It takes practice!
I picked up “Law of Attraction” from my mom who has been abused and suffered at young age. Her thirst for the meaning of life benefits me. She told me “you can be, do, or have anything you want in your life”. That was a wild concept 15 years ago in Asia. However, somehow I listened and took it to heart.
Growing up, I have countless occasions where LOA worked wonders. Once I was jobless, standing in the kitchen declaring to my mom that I would find a job shortly that can fully use my English skills. Mind you, before that moment I had always been in retails with no office skills. My declaration seemed a bit far-fetched. Three days later, I received a call from a vice president of a company whom I met at my previous job asking me if I’d to work for him as a secretary assisting Canadian and Australian managers. He specifically told me: this job requires excellent English skills. I gladly accepted it.
After beginning this job, I moved ever further to my biggest dream since childhood – becoming a U.S. citizen. I grew up watching Hollywood shows/movies and English is always my favorite subject at school. I can memorize the whole text book before the semester even begins. When seeing foreigners on the street, I’d converse with them excitedly as I am eager to speak the language and get to know their culture. I day dreamed about walking on the street of NYC, driving up Beverly Hills, and expressing myself freely as it’s encouraged in this country.
However, owning the citizenship in the U.S. wasn’t an option for me at that time. You need either substantial amount of funds or relative sponsorship. I had neither. As time progressed, I gradually forgot about this desire as it also became more impossible.
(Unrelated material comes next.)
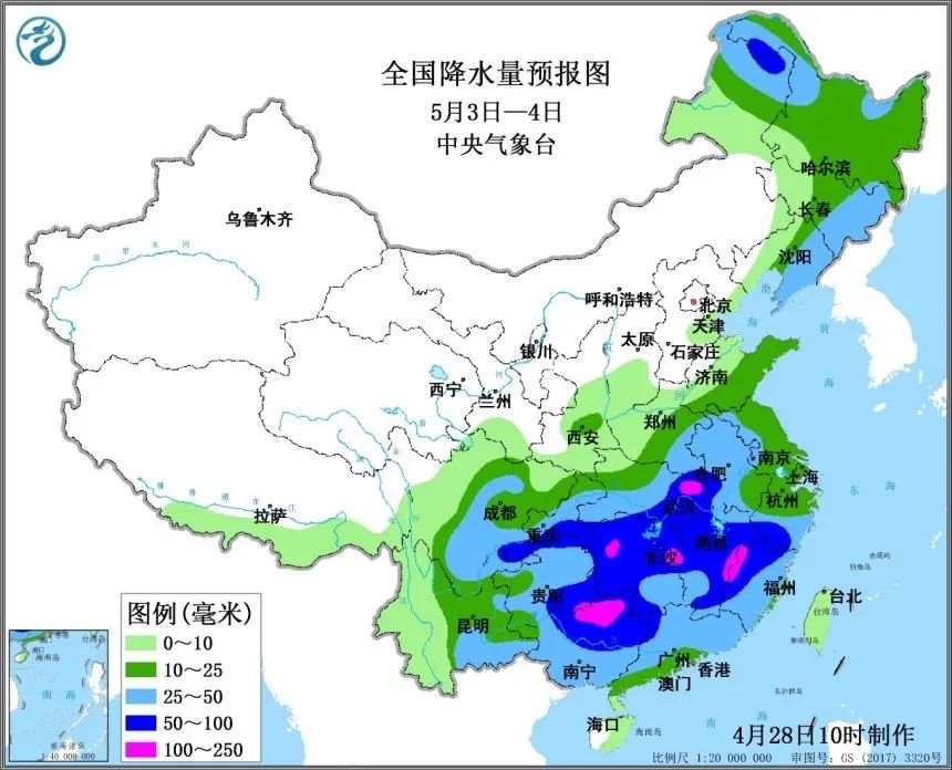 3日至4日南方地区自北向南有一次较强雷雨天气过程。黄淮及以南地区有一次大范围雷雨天气过程,江汉、江淮、江南、华南中北部及西南地区东部有大到暴雨,局地大暴雨,上述局地伴有短时强降水、雷暴大风或冰雹等强对流天气;黄淮南部及以南大部地区累积雨量有30~60毫米,湖北东部、湖南、江西、浙江南部、福建西部、广西北部等地的部分地区有80~120毫米。

One day, my co-worker brought her friend who was visiting from the U.S. to work. 3 years later that man became my husband and now I am a U.S. permanent resident.
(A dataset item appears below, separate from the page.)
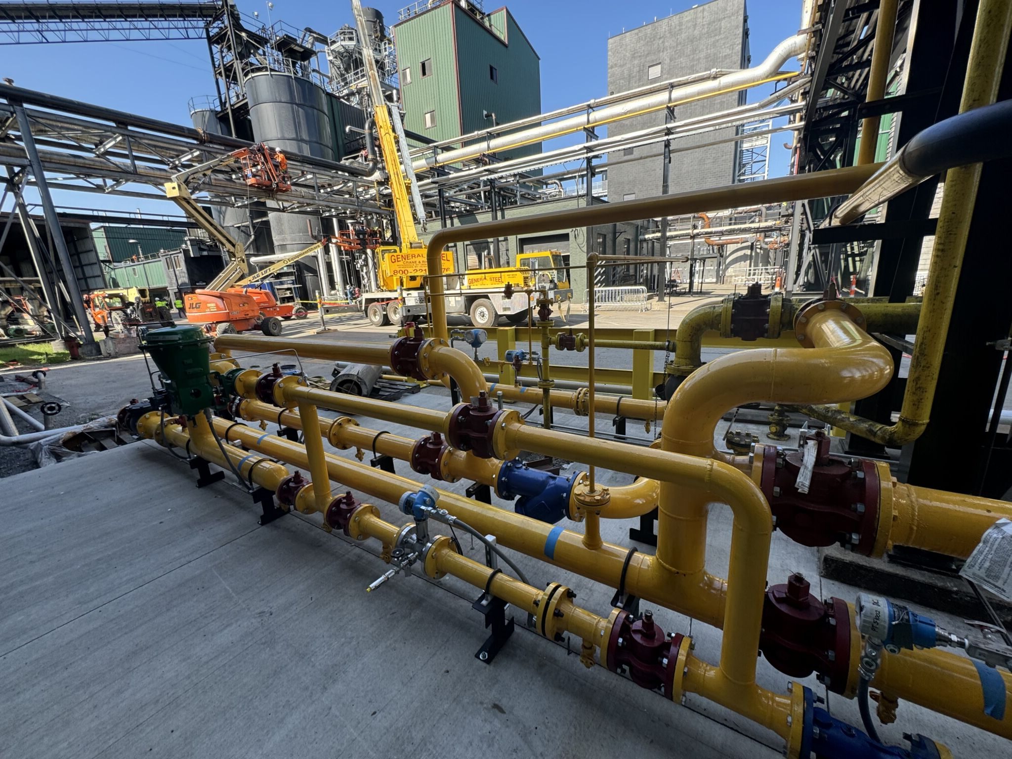 The stillage from the stills is separated in new screeners and the thick stillage is pumped a considerable distance across a road and railroad track to an Anerobic Digestion facility, designed by others. After processing, the C&I team piped the RNG back to the distillery and blended it with an existing natural gas feed to power the new modular boilers. The team has navigated the challenges of working with multiple vendors, permitting entities, and engineering firms to coordinate the design and installation of this project.

The story doesn’t end here. After coming to States, I had a rough time settling in and making money to support my family back in Asia. I had no degree, no working experience in the US, and no connection. All I knew was my family needed money to survive. I visualized HARD everyday that I dressed up well and professionally for work and earn $3,000 per month. In my visualization, I was happy, professional, and proud.
Now I earn $5,000 a month as an office manager. I dress professionally and appropriately for work with a fashion sense.
I have been in this job for 4 years now but I have also been somehow depressed or “low”. I didn’t know why a perfect respected job with flexibility and trust from my boss still didn’t satisfy me. I began searching around 2 years ago. The journey of searching for an answer has been bumpy. You will have people tell you that you should be content when there are millions of jobless people out there. Or how many horrible bosses they have experienced therefore you should appreciate what you have and stick with it until you retire at age 65. I sway between the thoughts of pursuing of my dream or staying at this job forever. To complicate things, I didn’t know what my dream is. The unsatisfied feeling haunted me and filled me up with fear for everything. A job becomes difficult when you are not interested in it. I fear just about everything of my job. The fear and worry caused insomnia for almost 1.5 years.
I was very much like an unhappy zombie moaning about everything in my life.
I am sure at that moment, I completely forgot about the “LOA”. I fell into the normal world’s way of thinking – get a job with benefits, get a house, and get a second one, live your 9-5 life until you retire. This thought depresses me to no end.
Recently, I somehow picked up LOA again as I was worried about something for work and all of a sudden, my mind shouts – why don’t I try LOA and visualize the the opposite of what I am worried about? That thought triggered my to pick up the Secret again, purchased more related books, set up my goal, and visualize daily.
The most precious thing occurred in this reunion with LOA is I found my true calling – performing.
I have been passionate about singing and acting since God knows when. I have goosebumps and endless energy when I perform and I am very natural at doing both. I had many people comment the same, too.
But the thought of getting a “practical” job is just too deeply rooted in my mind and prevents me from pursuing my dream.
After reading The Secret, It’s Not About Money, and Think and Grow Rich, I have determined that it’s time. Interestingly enough, my church has recently asked me to be in a X’mas play and choir!
Now I am set and clear on my goals, I will keep practicing the LOA, visualizing, and not letting any negative thoughts intervene the true calling of my life!